Lemon Sugar Crepes with Whipped Cream Cheese.

Thin lemon-scented crepes filled with whipped cream cheese and dusted with lemon sugar make a bright, elegant breakfast or dessert.
Prep Time30 minutes
Cook Time10 minutes
Total Time40 minutes
Servings: 10 serves

Ingredients

  • 2 large eggs
  • 1 cup milk
  • 1 cup white whole wheat flour or whole wheat pastry flour or all-purpose flour
  • 3 tablespoons butter melted
  • 1 teaspoon vanilla
  • 1/4 teaspoon salt
  • 1/2 cup water
  • warm honey for serving
  • 1 cup granulated sugar
  • zest of 2 lemons lemon zest
  • 8 ounces Philadelphia cream cheese
  • 1 cup heavy whipping cream
  • 2 tablespoons honey
  • 1 teaspoon vanilla extract

Instructions

  • Combine crepe batter: Add the eggs, milk, flour, melted butter, 1 teaspoon vanilla, 1/4 teaspoon salt, and 1/2 cup water to a blender or food processor and blend until smooth, about 30 seconds to 1 minute.
  • Chill batter: Refrigerate the batter for about 30 minutes to let bubbles subside; it will keep up to 48 hours in the fridge.
  • Make whipped cream cheese: In a mixing bowl, add the cream cheese and heavy cream.
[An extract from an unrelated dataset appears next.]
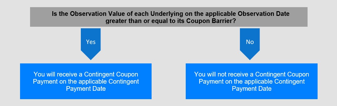 If, on any monthly Observation Date, the Observation Value of each Underlying is greater than or equal to its Coupon Barrier, we will pay a Contingent Coupon Payment of $7.50 per $1,000.00 in principal amount of Notes (equal to a rate of 0.75% per month or 9.00% per annum) on the applicable Contingent Payment Date (including the Maturity Date). |

Beat with an electric mixer on high until soft peaks form, about 4–5 minutes.
  • Sweeten the filling: Beat the 2 tablespoons honey and 1 teaspoon vanilla extract into the whipped cream cheese until just combined. Cover and chill until ready to use.
  • Prepare lemon sugar: Add 3/4 cup of the granulated sugar and the zest of 2 lemons to a blender or food processor and pulse until the sugar is very fine, about 30 seconds; then stir in the remaining sugar.
  • Heat the pan: Warm a 12-inch nonstick skillet over medium heat and lightly coat with butter or cooking spray.
  • Cook crepes: Pour about 1/3 cup of batter into the center of the pan and immediately swirl to thinly coat the bottom. Cook until the edges lift, about 30 seconds, flip and cook 10 seconds more. Transfer to a flat surface to cool. Repeat with remaining batter to make about 10 crepes.
  • Assemble: Spread a generous spoonful of whipped cream cheese onto a warm crepe, dust with lemon sugar, drizzle with warm honey if desired, and serve with berries.

Equipment

  • blender or food processor
  • Mixing Bowl
  • Electric Mixer
  • 12-inch nonstick skillet
  • Spatula
  • Measuring cups and spoons
  • cutting board or cooling surface

Notes

  • Chill batter 30 minutes for easier cooking.
  • Use a blender for smooth, lump-free batter.
  • Pulse sugar with zest until very fine for best texture.
  • Beat cream cheese and cream until soft peaks for a light filling.